Алена совершила враз два мимических движения: проглотила вопрос, с какого же это перепугу вчера находился в замешательстве уважаемый антиквар, и сморщила нос, услышав его имя. Несколько лет назад, во время расследования преступления в шато Танле, она познакомилась с одним Жаном-Батистом. Это знакомство оказалось очень неприятным и, можно сказать, вредным для здоровья[29]. Впрочем, Иоанн Креститель (по-французски Жан-Батист) – очень распространенное имя. Даже в Муляне обитает один такой Жибе (именно так придумал сокращать священное имя) – славный парень, однако с изрядными закидонами, да еще косноязычный до такой степени, что даже настоящие французы понимают его не без труда, а уж Алена не понимает вообще ничего из того, что он там лопочет.
– Только умоляю, – поспешно сказал Маршан, – не называйте меня Жибе! В Муляне есть один такой…
– Представьте, я как раз о нем вспомнила, – невольно расхохоталась Алена. – Мне тоже не нравится это Жибе. Я буду называть вас просто мсье Маршан, согласны?
– Если хотите, – не без нотки разочарования пробурчал Маршан. Кажется, он предпочел бы, чтобы его называли просто по имени. Но это, с точки зрения Алены, было преждевременной фамильярностью. Существуют же, в конце концов, приличия! – А мне к вам как обращаться?
Алена вообразила, как Маршан начнет на каждом слоге запинаться, пытаясь выговорить «мадам Димитриефф», – и махнула рукой на приличия:
– У меня довольно трудная фамилия, так что вы можете называть меня просто Элен.

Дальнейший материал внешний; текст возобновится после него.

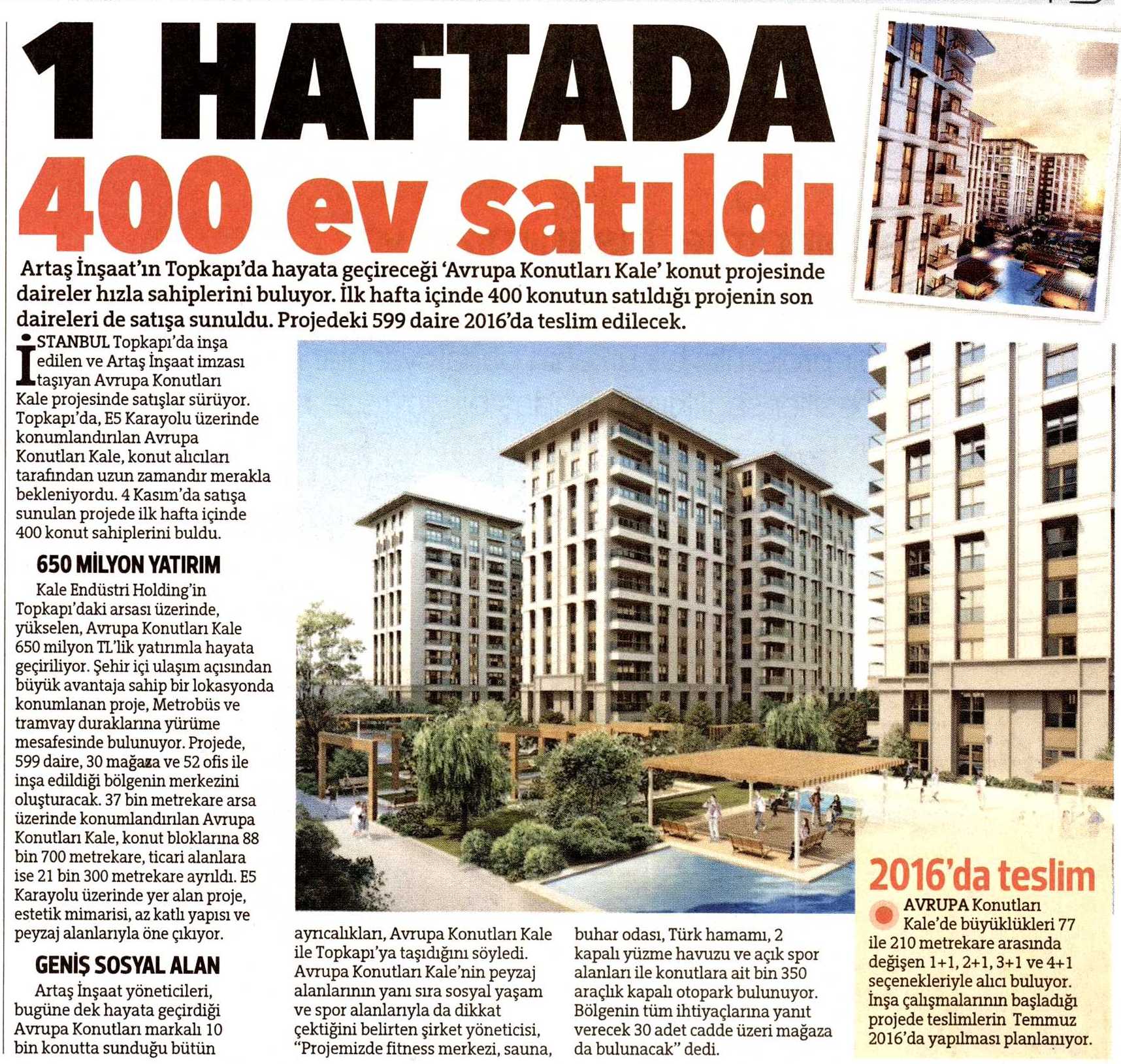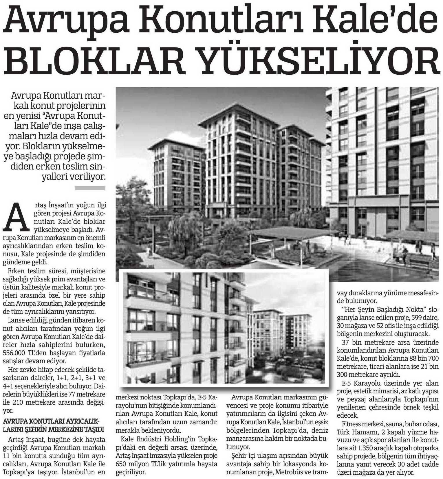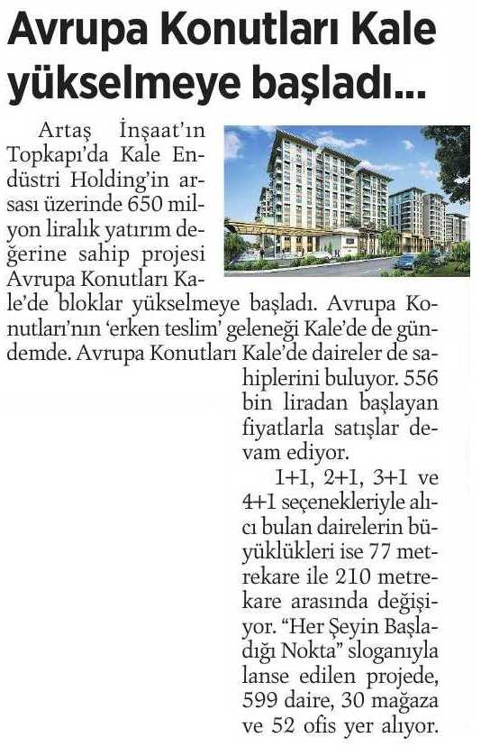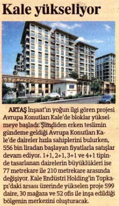 Avrupa Konutları Kale yükselmeye başladı Milliyet 09.02.2015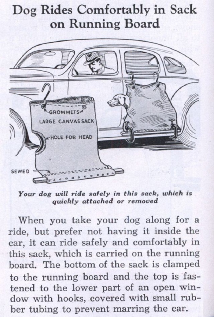 Идея, обрисованная в журнале Popular Mechanics в 1935 году. По задумке такая сумка должна была помочь хозяевам собак держать салон автомобиля в чистоте, в то время как их вуферс «наслаждается» прогулкой снаружи. К счастью, никому не пришло в голову реализовать этот концепт. Более беспощадного способа покалечить пса не придумаешь. А еще, обратите внимание, выходя из машины, водитель будет бить его по голове.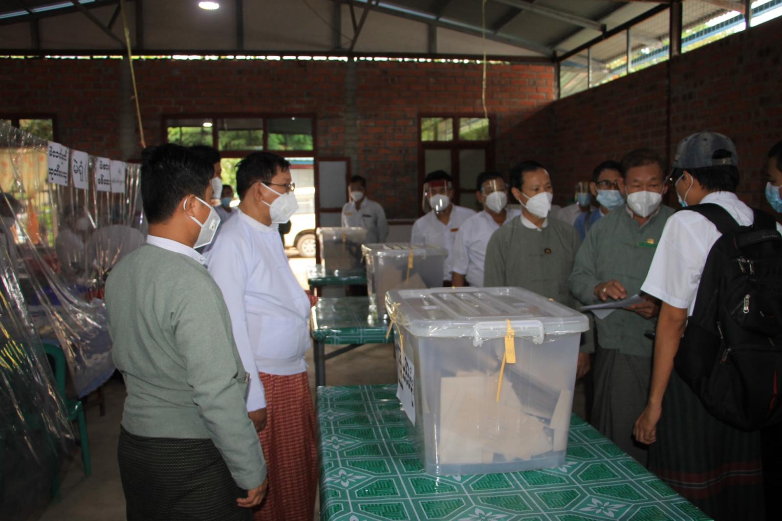 ပြည်ထောင်စုရွေးကောက်ပွဲကော်မရှင်၊ ပဲခူးတိုင်းဒေသကြီးတာဝန်ခံနှင့်အဖွဲ့အား ရပ်ကွက်ကော်မရှင် အဖွဲ့ခွဲဥက္ကဋ္ဌမှ ပုဏ္ဏားစု ရပ်ကွက်အတွင်းရှိ မဲရုံများအခြေအနေ၊ ရပ်ကွက်အတွင်းကြိုတင်ဆန္ဒမဲများ လိုက်လံကောက်ခံမှုအခြေအနေ၊ ရပ်ကွက် ကော်မရှင်အဖွဲ့ခွဲရုံးတွင် ကြိုတင်ဆန္ဒမဲအတွက် ဆောင်ရွက်ထားရှိမှု အခြေအနေများနှင့် ကြိုတင်မဲ လာရောက်ပေးမှု အခြေအနေများ ကို ရှင်းလင်းတင်ပြရာ တိုင်းဒေသကြီး တာဝန်ခံဦးထွန်းခင်က ကြိုတင် ဆန္ဒမဲများရယူတွင် ဆန္ဒပြုပြီးမဲလက်မှတ်များ ထည့်သွင်း သည့် စာအိတ်များကို မဲဆန္ဒရှင်များက လုံခြုံစွာပိတ်ခဲ့မှုမရှိခြင်း၊ အချို့စာအိတ်များကို ကော်သုတ်၍ပိတ်ရာ၌ အစွန်းအထင်း ဖြစ်ပေါ်စေခြင်း၊ အသက်အရွယ်ကြီးရင့်သူ မဲဆန္ဒရှင်များ၏ နေအိမ်များသို့သွားရောက်၍ ကြိုတင် ဆန္ဒမဲများရယူရာတွင် ကောက်ယူမည့် မဲဆန္ဒရှင်အရေအတွက် များပြားခြင်းကြောင့် သတ်မှတ်ထားသည့် အမှန်ခြစ်တံဆိပ်တုံးဖြင့် ဆန္ဒပြုရမည့်အစား ဘော်လ်ပင်ဖြင့်အမှန်ခြစ်၍ ဆန္ဒပြုထားသည့်ဆန္ဒမဲလက်မှတ်၊ ကြိုတင်ဆန္ဒမဲ လက်မှတ်ပေါ်တွင် မဲရုံမှူး၏လက်မှတ်(သို့) တာဝန်ခံထုတ်ပေးသူ၏ လက်မှတ်နှင့် အမည်ပါရှိသော ဆန္ဒမဲလက်မှတ်၊ လွှတ်တော်အလိုက်ထည့်သွင်းရမည့် ကြိုတင်မဲလက်မှတ်နှင့် စာအိတ်လွဲမှားသော်လည်း မဲဆန္ဒရှင်က မှန်ကန်စွာဆန္ဒပြုထားသော ဆန္ဒလက်မှတ်တို့အား ပယ်မဲအဖြစ် သတ်မှတ်မည် မဟုတ်ကြောင်း ရှင်းလင်းပြောကြားခဲ့ကြောင်း သိရသည်။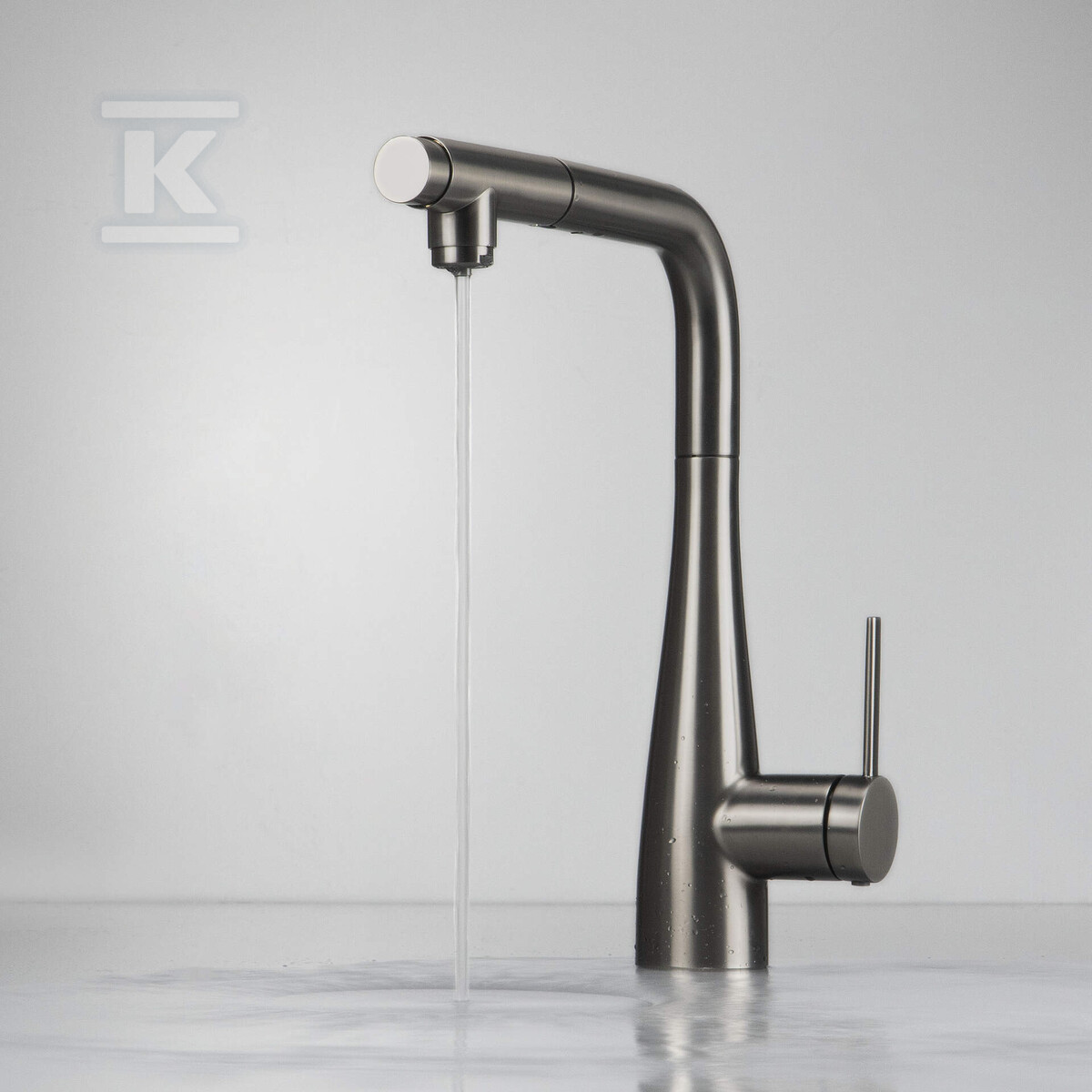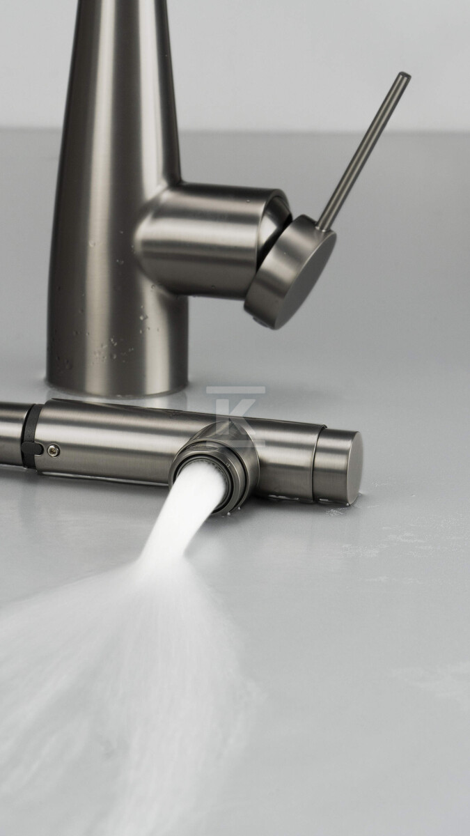Змішувач для кухні Eridan, титан, з висувним гусаком та підключенням до фільтра води BRE_D75M

– А вы меня – Жан-Батист! – откровенно обрадовался Маршан. – Или лучше Бати́, это мое имя для самых близких.
Так, кажется, ответ на вопрос, с какого это перепугу вчера находился в замешательстве уважаемый антиквар, нашелся сам собой. Перепуг звался Элен!
Что ж, ей это не впервой. А перепуг Бати следует поощрять. Полезное знакомство.
– Кстати, Бати, – закрепила позиции ослепительной улыбкой прагматичная наша героиня, – я хотела вас спросить: можно ли за ночь изготовить копию какого-нибудь из ваших ключей?